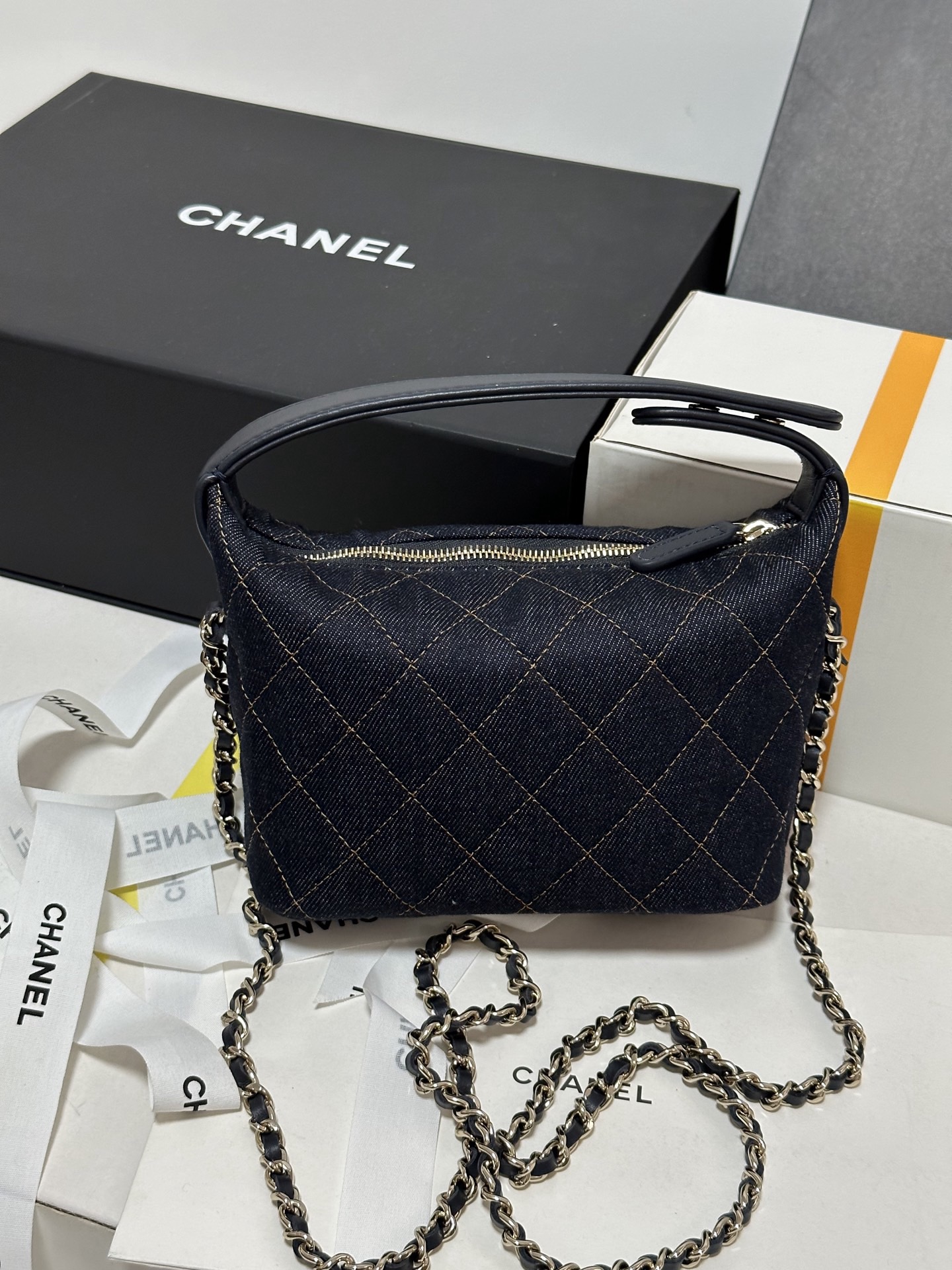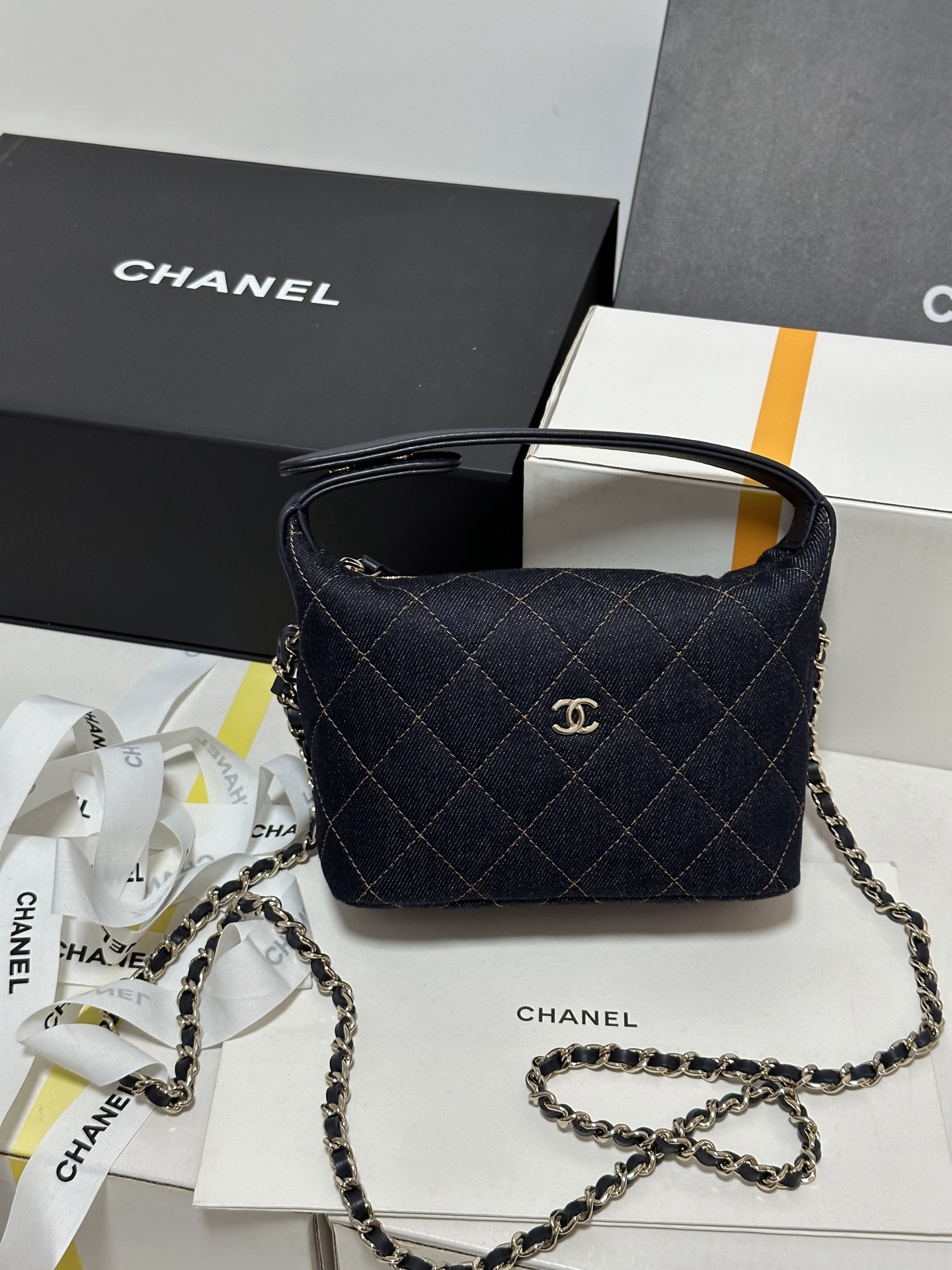 • Timeless Design Fusion: Featuring the iconic diamond-quilted stitching and interlocking CC gold metal logo, this bag embodies Chanel’s timeless DNA. Crafted from dark denim denim with bright yellow contrast stitching, it exudes a vintage charm with a relaxed, casual vibe.
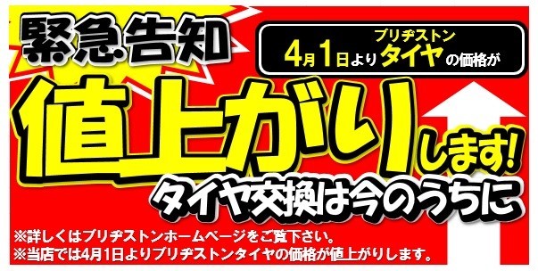 4月1日からタイヤが値上がりしますので、今がお買い得になっているます!!!
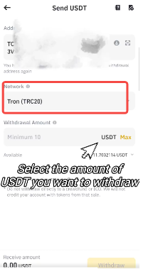 7.将从RedotPay复制的充值地址粘贴到提现地址处,并选择对应网络(请参考步骤3,以USDT-TRC20链为例,
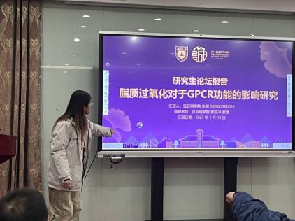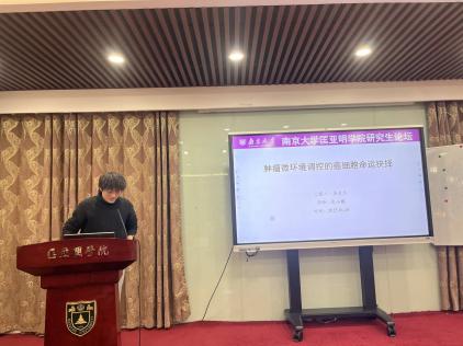 论坛分为学术报告和海报讨论两个环节。在学术报告环节,首先由本次论坛的特邀嘉宾东南大学马亮教授与中国药科大学刘金峰副教授开展学术报告。马亮教授分享了他的团队在二维半导体可控成核与生长的表界面制探究的成果,刘金峰副教授介绍了他的团队对于水溶液的高精度机器学习势能面的最新进展。随后,公司各课题组的七位研究生同学们依次登台,展示了自己近期在科研领域的成果。高星杰同学通过建立生物网络模型,探究了免疫微环境调控对于肿瘤细胞命运抉择的影响;赵苗苗同学介绍了一种基于生成式模型的增强采样方法DA2-VAE;张橙同学在结构受限磷化合物活性算符的理论研究中取得较大进展;于文洁同学探究了银和银基近表面合金电催化二氧化氮选择性还原生成羟胺的微观机制;李俊艾同学报告了在活性膜的分子动力学模拟工作中取得的成果;朱颖同学在脂质过氧化物对于GPCR功能的影响研究中取得阶段性的进展;孔铁霖同学汇报了铁电极化忆阻器的含时电流模拟工作的研究。精彩的学术报告引发了师生的热烈讨论,拓宽了同学们的学术视野。

REQUIRED WORK: With the pictures removed, write the listing out word for word.

SOLUTION FOR THIS TASK:
 • Timeless Design Fusion: Featuring the iconic diamond-quilted stitching and interlocking CC gold metal logo, this bag embodies Chanel’s timeless DNA. Crafted from dark denim denim with bright yellow contrast stitching, it exudes a vintage charm with a relaxed, casual vibe.
 4月1日からタイヤが値上がりしますので、今がお買い得になっているます!!!
 7.将从RedotPay复制的充值地址粘贴到提现地址处,并选择对应网络(请参考步骤3,以USDT-TRC20链为例,
 论坛分为学术报告和海报讨论两个环节。在学术报告环节,首先由本次论坛的特邀嘉宾东南大学马亮教授与中国药科大学刘金峰副教授开展学术报告。马亮教授分享了他的团队在二维半导体可控成核与生长的表界面制探究的成果,刘金峰副教授介绍了他的团队对于水溶液的高精度机器学习势能面的最新进展。随后,公司各课题组的七位研究生同学们依次登台,展示了自己近期在科研领域的成果。高星杰同学通过建立生物网络模型,探究了免疫微环境调控对于肿瘤细胞命运抉择的影响;赵苗苗同学介绍了一种基于生成式模型的增强采样方法DA2-VAE;张橙同学在结构受限磷化合物活性算符的理论研究中取得较大进展;于文洁同学探究了银和银基近表面合金电催化二氧化氮选择性还原生成羟胺的微观机制;李俊艾同学报告了在活性膜的分子动力学模拟工作中取得的成果;朱颖同学在脂质过氧化物对于GPCR功能的影响研究中取得阶段性的进展;孔铁霖同学汇报了铁电极化忆阻器的含时电流模拟工作的研究。精彩的学术报告引发了师生的热烈讨论,拓宽了同学们的学术视野。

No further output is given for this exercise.